Im Jahr 2000 feierten Magma das 30-jährige Bandjubiläum. In Paris im Trianon fanden im Mai zwei Konzerte statt, bei denen erstmals die komplette "Theusz Hamtaahk"-Trilogie aus "Theusz Hamtaahk", "Wurdah Ïtah" und "Mekanïk Destruktïw Kommandöh" von derselben Band aufgeführt wurden. Dies geschah in der Besetzung C. und S. Vander, Feuillebois, Mac Gaw, Borghi, Bussonnet, Antoine Paganotti (Gesang, Piano) und Jean-Christophe Gamet (Gesang). Unterstützt wurde die Band teilweise von Julie Vander und Claude Lamamy (Gesang) bei "Wurdah Itah", beziehungsweise einem Bläsersatz bei "Mekanïk Destruktïw Kommandöh". Die Aufnahmen wurden als dreifaches CD-Set veröffentlicht. Im Jahre 2004 legten Magma mit "K.A" dann ein neues Album vor, das ein Stück aus den 70er Jahren rekonstruierte und daher stilistisch direkt an die klassische Phase der Band Mitte der 70er Jahre anschloss (und erneut kobaïanische Texte aufwies). Die kurz darauf erfolgte Veröffentlichung "Uber Kommandoh" war eine nicht autorisierte Kompilation. Ab 2006 setzte die Gruppe ihr Rekonstruktionswerk fort und arbeitete an "Emëhntëht-Rê", einem albumfüllenden Stück, das 2009 ihre zweite Alben-Trilogie vervollständigte.

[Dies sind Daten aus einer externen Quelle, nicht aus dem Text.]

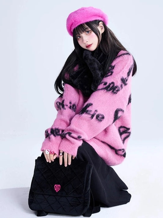 Top cardigan tricoté mi-long, imprimé lettres, col en V

Im Februar 2008 verliessen die Paganotti-Geschwister und Emmanuel Borghi die Band aus persönlichen Gründen, wurden aber bei "Emëhntëht-Rê" ebenso als Gastmusiker geführt wie auch Claude Lamamy, Marcus Linon (Sohn von Stella Vander und Francis Linon) und Pierre-Michel Sivadier. Die Hauptbesetzung bildeten C. u. S. Vander, Feuillebois, Hervé Aknin (Gesang), Benoît Alziary (Vibraphon), Mac Gaw, Bruno Ruder (Fender Rhodes) und Bussonnet. Diese Besetzung war es auch, die im Jahre 2012 "Félicité Thösz" einspielte. Hierbei handelte es sich um ein Album aus neueren Kompositionen aus den Jahren 1992 und 1993, sowie 2001 und 2002, die aber erst seit 2009 bei Konzerten von Magma zu hören waren. Bei den beiden nachfolgenden Studio-Minialben "Rïah Sahïltaahk" (2014) und "Šlag Tanz" (2015) ersetzte Jéremie Ternoy Bruno Ruder. Im Juli 2015 gab James Mac Gaw bekannt, an Krebs erkrankt zu sein. Im Juli 2016 spielten Rudy Blas Gitarre und Jérôme Martineau-Ricotti Keyboards, die restliche Besetzung blieb gleich. Die Gruppe um Christian und Stella Vander ist auch heute noch aktiv.